Question

A mass $m$ fall on spring constant $k$ and negligible mass from a height $h$. Assuming it sticks to the pan and executes simple harmonic motion, the maximum height upto which the pan will rise is:

• A. $\frac{mg}{k}$
• B. $\frac{mg}{k}[\sqrt{1+\frac{2kh}{mg}}-1]$
• C. $\frac{mg}{k}[\sqrt{1+\frac{2kh}{mg}}+1]$
• D. $\frac{mg}{k}[\sqrt{1+\frac{kh}{mg}}-1]$

Answer 1

The correct option is C $\frac{mg}{k}[\sqrt{1+\frac{2kh}{mg}}+1]$

When the mass m falls on the spring from a height, let the length of the spring compressed be x.

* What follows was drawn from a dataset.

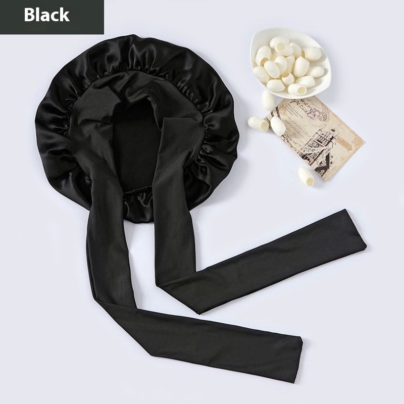 Wide-brimmed Lace-up Adjustable Elastic Large Silk Nightcap Champagne

Total distance by which the mass m falls is: $(h+x)$
Loss of PE of the mass is equal to the energy stored in the spring.
$\therefore mg(h+x)=\frac{1}{2}k{x}^2$
$\therefore x^2-\left(\frac{2mg}{k}\right)x-\frac{2mgh}{k}=0$
$\therefore x=\frac{\frac{2mg}{k}\pm \sqrt{(\frac{2mg}{k}{)}^2+\frac{8mgh}{k})}}{2}$
$\therefore x=\frac{mg}{k}\pm \sqrt{(\frac{mg}{k}{)}^2+\frac{2mgh}{k})}=\frac{mg}{k}(1+\sqrt{(1+\frac{2kh}{mg})})$
We ignore the -ve sign, since it will give a negative x which is not a physical situation.
Thus, the maximum height to which the mass will rise is: $\frac{mg}{k}[1+\sqrt{(1+\frac{2kh}{mg})}]$